▸ Records
Content starts

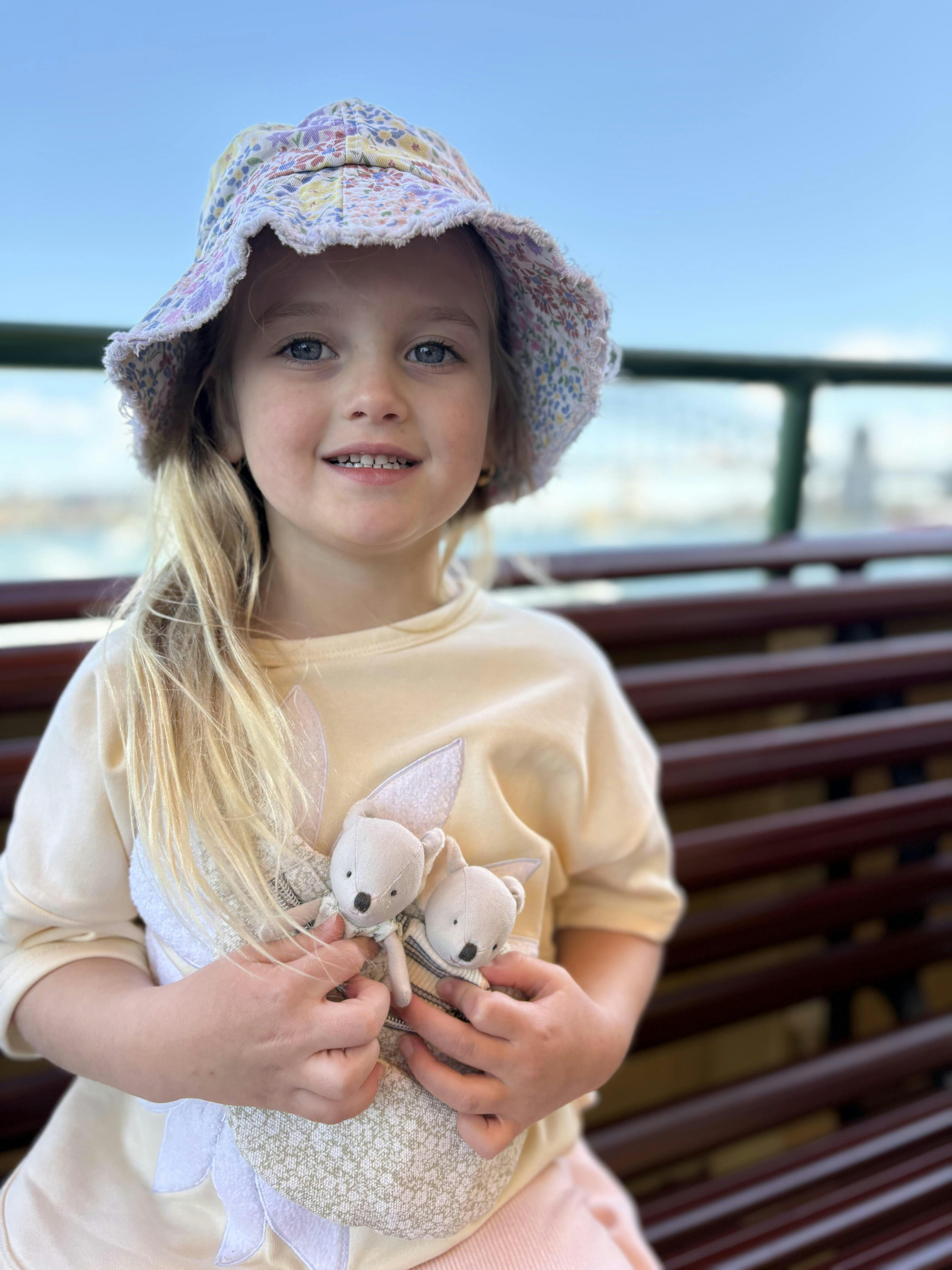 Bindi is a spirited, miniature heirloom plush with a wild imagination and an even wilder swing game. Whether she’s leading carousel races, soaring high on the playground, or dreaming up new adventures under the gum trees, this soft toy koala brings joy wherever she goes. But don’t let that sweet smile fool you... When the day’s done, Bindi earns her nickname, Napalot. Big adventures call for even bigger naps, and you’ll often find her curled up in a hammock, dreaming of tomorrow’s fun.
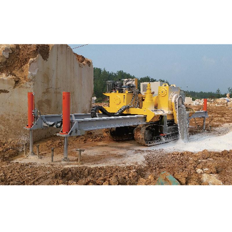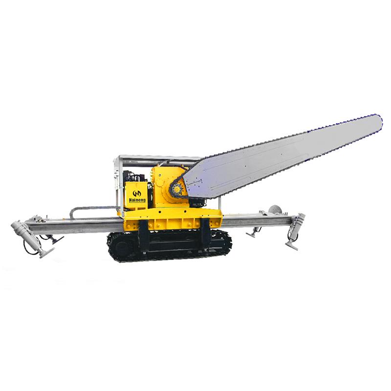 Kettensäge für Raupen ist eine Weiterentwicklung der Orbital-Kettensäge. Das herausragendste Merkmal der Maschine ist die Ausstattung mit einer selbstlaufenden Laufschiene, die sich bequem und flexibel bewegen lässt. Der Maschinenträger und die Laufschiene bewegen sich beim Arbeiten abwechselnd, sodass keine Zusammenarbeit mit anderen Laufschienen von Hebemaschinen erforderlich ist. Sie ist für den Außeneinsatz in Bergwerken geeignet.
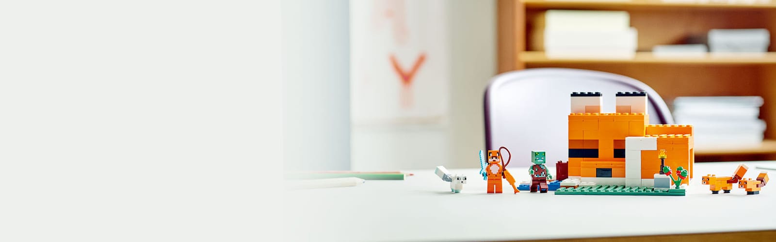 Dzieci mogą wykorzystać swój talent do grania w Minecrafta i skonstruować dom, który wygląda jak śpiący lis. Tył domu jest otwarty, a dach można podnieść, żeby ustawić w środku meble i pobawić się w odgrywanie ról. Na zewnątrz można spotkać małego liska, dorosłego lisa i lisa polarnego. Gdy dzieci nakarmią je słodkimi jagodami, zwierzaki zwiną się w kłębek i pójdą spać. Popularny mob z gry — utopiec — wprowadza element chaosu do zabawy. Dzieci muszą przegonić go mieczem, zanim będą mogły wziąć wędkę i spokojnie zająć się łowieniem ryb.
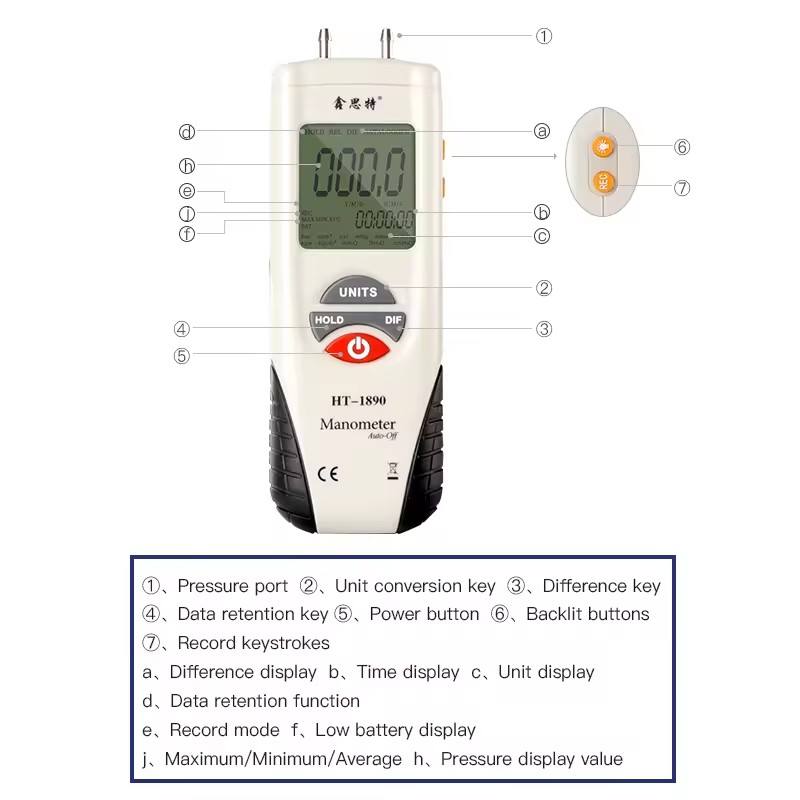 Hedao เครื่องวัดปริมาณออกซิเจน HT-1890 0.29% ฟุตสำหรับ H2O, PSI, Bar, mBar, kPa
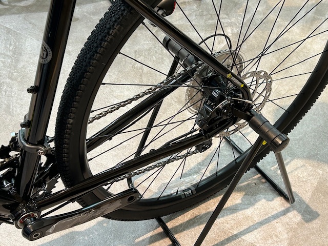 700×37cの太いタイヤで、未舗装路や砂利道での走破性を高め、クッション性も高いので舗装路でのロングライドにも最適です。
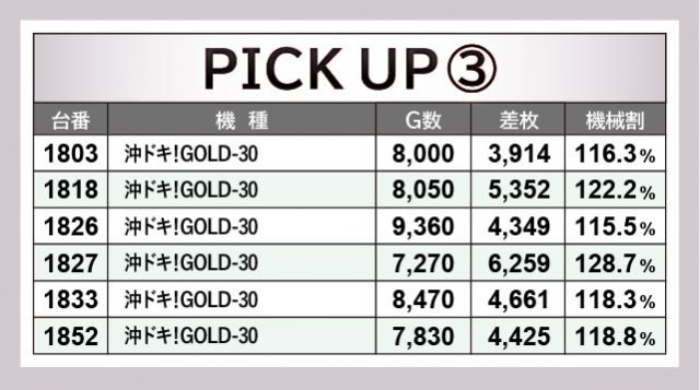『HEY!エリートサラリーマン鏡』『パチスロ甲鉄城のカバネリ』『沖ドキ!GOLD-30』の3機種は、いずれも同店に大量設置されている人気機種である。これらはいずれも朝から閉店までじっくりと打ち込まれており、ファン諸氏が手ごたえを感じるまで、多くの時間を必要としなかったかもしれない。特に『沖ドキ!GOLD-30』は3千枚OVERが目立ち、1827番台+6,259枚のような大きな記録も生まれているため、有意義な時間を過ごせたことだろう。
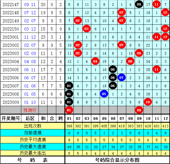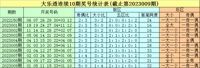 上期回顾:体彩大乐透第2023009期开出奖号:01 05 11 15 33 + 01 10。其中前区奖号奇偶比为5:0,大小比为1:4,五区比为2:1:1:0:1,跨度为32。后区奖号大小比为1:1,奇偶比为1:1。
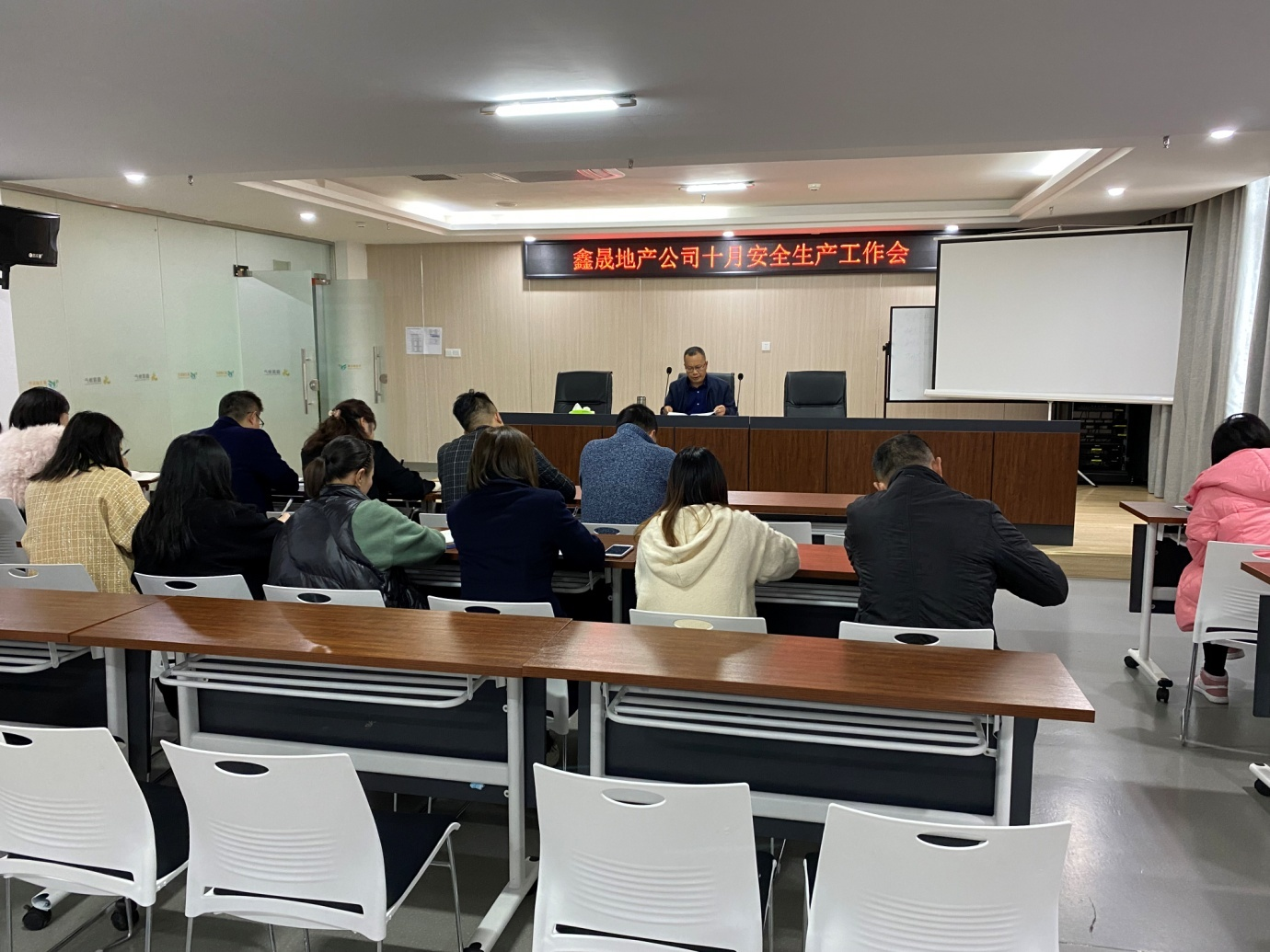 2021年11月2日,瀘州鑫晟房地產(chǎn)開發(fā)有限公司組織召開十月安全生產(chǎn)工作會(huì),會(huì)議由董事長(zhǎng)任東財(cái)主持,公司全體員工參加。
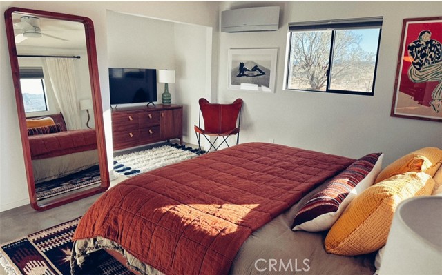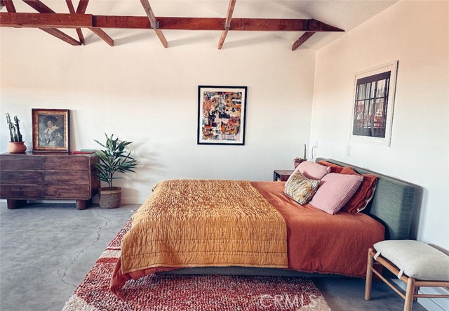 Exquisitely Renovated 3 Bedroom 2 Bathroom Home on 5 Acres with Mountain Views and Pool Welcome to your High Desert haven! This beautifully remodeled 3-bedroom, 2-bath retreat, that also features a bonus, and private, casita, that sets on a 5 fully fenced acres of pristine native landscape, offers stunning views of Goat Mountain and the surrounding desert. Enjoy unmatched peace and privacy just minutes from La Copine, Pioneertown, and the Integratron. As you step inside, you are greeted by an open floor plan filled with natural light, creating an airy atmosphere that flows seamlessly throughout the home. The modern concrete flooring and custom double door entry lead you into a stylish living room featuring a cozy masonry fireplace and custom light fixtures, perfect for relaxation or entertaining. The large gourmet kitchen is a chef's dream, showcasing butcher block countertops, pendant lighting, stunning modern cabinetry, and a galley sink equipped with all appliances. Designed with entertaining in mind, this kitchen opens up to the living area, allowing you to prepare your favorite meals while staying engaged with your guests. The renovated guest bathroom is a true standout, featuring beautiful retro tile, a walk-in shower with a stylish backsplash, a concrete vanity with a square molded sink, and custom mirrors. Each spacious guest bedroom offers breathtaking views, ceiling fans for comfort, tasteful mirrors, and individual mini-splits for efficient heating and cooling. The primary suite is a tranquil retreat, flooded with natural light from dual-pane windows. It includes a private bathroom with a large walk-in retro tile shower, a block wood vanity, an upgraded sink, and a chic mirror. A bonus Casita adds even more versatility to the property, boasting stunning open beam ceilings and concrete flooring, making it an ideal space for a yoga studio, music studio, art studio, home office, or whatever your imagination desires. Step outside to discover your own private oasis. A privacy fence wraps around the gorgeous modern pool, complete with a remote control covering system. This backyard area is perfect for hosting barbecues, gatherings, or simply enjoying a refreshing dip under the stars. With so many features to explore, this property truly needs to be seen to be appreciated. Call today for your private showing and experience modern desert living—effortlessly stylish, endlessly peaceful, and full of potential—before it’s gone!

Content ends

▸ Description of the task
Using the entries above, repeat exactly the lines from the one with "上期回顾:体彩大乐透第2023009期开出奖号:01 05 11" to the one with "2021年11月2日,瀘州鑫", both included, and leave the pictures behind.

▸ Reply
 上期回顾:体彩大乐透第2023009期开出奖号:01 05 11 15 33 + 01 10。其中前区奖号奇偶比为5:0,大小比为1:4,五区比为2:1:1:0:1,跨度为32。后区奖号大小比为1:1,奇偶比为1:1。
 2021年11月2日,瀘州鑫晟房地產(chǎn)開發(fā)有限公司組織召開十月安全生產(chǎn)工作會(huì),會(huì)議由董事長(zhǎng)任東財(cái)主持,公司全體員工參加。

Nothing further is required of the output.